Feeding nine billion people in a truly sustainable way will be one of the greatest challenges our civilization has had to confront. It will require the imagination, determination and hard work of countless people from all over the world. There is no time to lose.
—Jonathan A. Foley, director of the Institute on the Environment, U of MN

The surest way to capture the flavors, colors, and textures of a culture is by using authentic products.
—Lidia Bastianich, from Lidia’s Italian-American Kitchen

The most important habit you can develop is to taste as you are preparing something. Take a sample and taste it critically at different stages of the cooking, then correct the seasonings…
—Marion Cunningham, from Learning to Cook

Plant a vegetable garden if you have the space, a window box if you don’t.
—Michael Pollan

An Adventure in Cooking, Food & Healthy Living…

By Cheryl Hooper-Feeney

Just as I was sitting down to write a new blog post for a new year, Cheryl Hooper-Feeney, a friend and former student from South Burlington, Vermont, surprised me with the following story about her own resolution to lose weight using the sound philosophy of Julia Child —healthy eating is also delicious if you follow the classic recipes and forget “convenience” foods. I can’t think of a better way to begin the New Year! Please see her sister’s Roasted Root Vegetable recipe, the best recipe I’ve seen yet for roasting vegetables! — Bronwyn

My Life in France by Julia Child bookcover

My husband, Dan, and I both like to cook, so when we saw a course offered by Bronwyn Dunne through the Osher Lifelong Learning Institute at the University of Vermont in Burlington, we jumped at the chance to participate in Cooking with the Masters. Based on the research, knowledge and recipes of Julia Child in Mastering the Art of French Cooking, we learned more about the benefits of using fresh produce, meats, fish and poultry, making our own salad dressings, pastry for pies and quiches, and much more.
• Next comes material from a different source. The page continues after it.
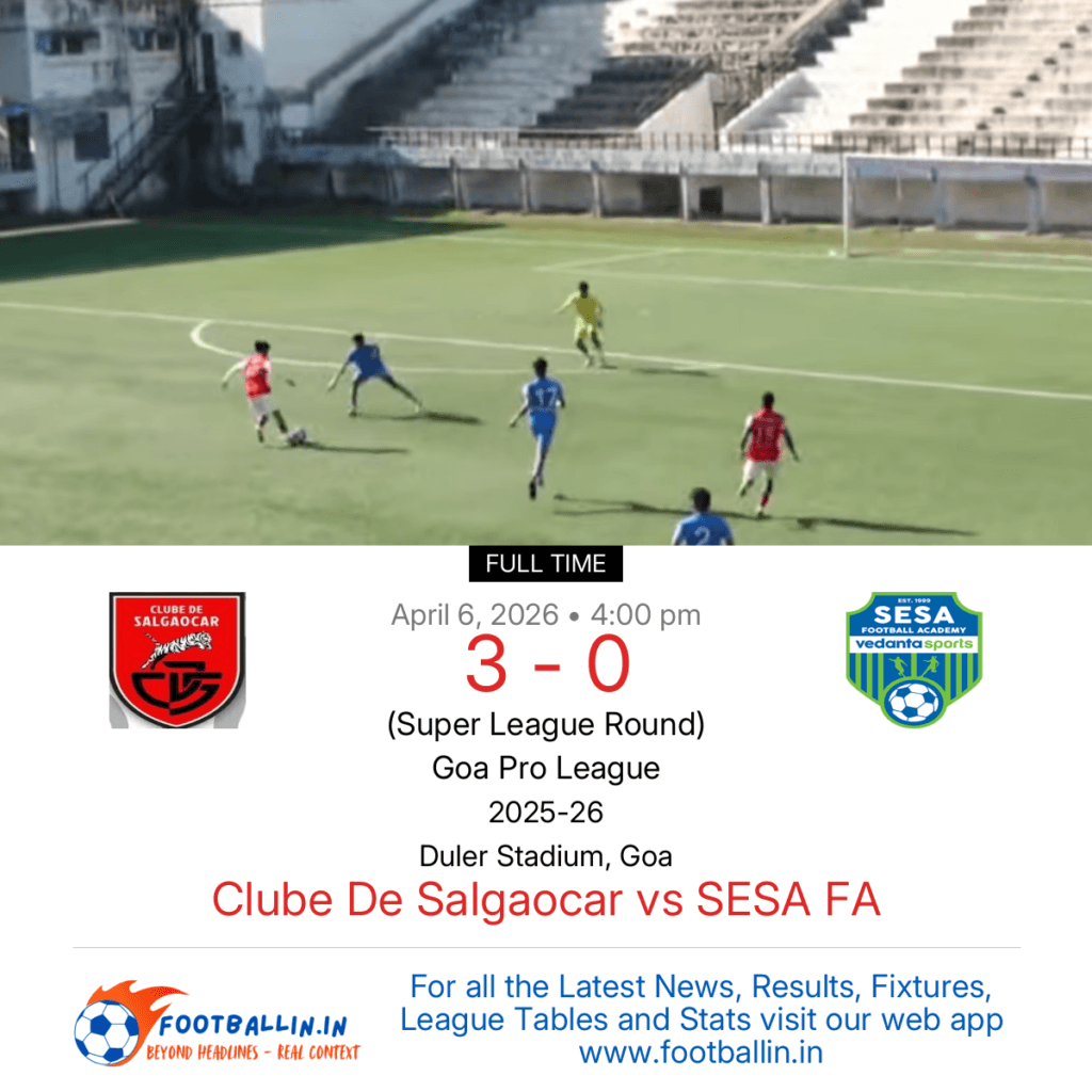 ⚽📊 League Table • Top Scorers • Statistics 📈⚽ Clube De Salgaocar defeated SESA FA 3-0 on Apr 6, 2026 in the Super League Round of the Goa Pro League at Duler Stadium, Goa, in a heavily favored encounter. Isac Zomuanpuia hit a fine brace for Clube De Salgaocar in 8’ and 44’. Joshua D’Silva […]

We participated along with a curious and delightful group of adult learners.

As interesting and engaging as that the course was, I had an over-riding personal concern: how to maintain my love of cooking and baking and keep a focus on my goal of reducing my weight and increasing my physical stamina, strength and balance. A closer read and reflection upon the life and writings of Julia Child and her associates, Louisette Bertholle and Simone Beck, revealed several interesting and illuminating ideas and realities to me.
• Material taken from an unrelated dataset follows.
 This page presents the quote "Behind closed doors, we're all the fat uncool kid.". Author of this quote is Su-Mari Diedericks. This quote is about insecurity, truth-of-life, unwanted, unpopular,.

For Julia, cooking and dining were true acts of communing and communion with her beloved husband, Paul, and her many friends, including Judith Jones, across Europe and the USA. That being said, I noticed a close interrelatedness among many aspects of cooking and dining together. Preparing food and serving each other, or our friends, we keep a joyful eye on portion control, dietary balance, and presentation that is appealing to the sense of sight, as well as aroma and taste. Julia and company were gourmets; never gluttons. There was always a sense of sharing a meal for nourishment, physical and spiritual, and then enough physical activity to keep one fit and the body maintained and moving.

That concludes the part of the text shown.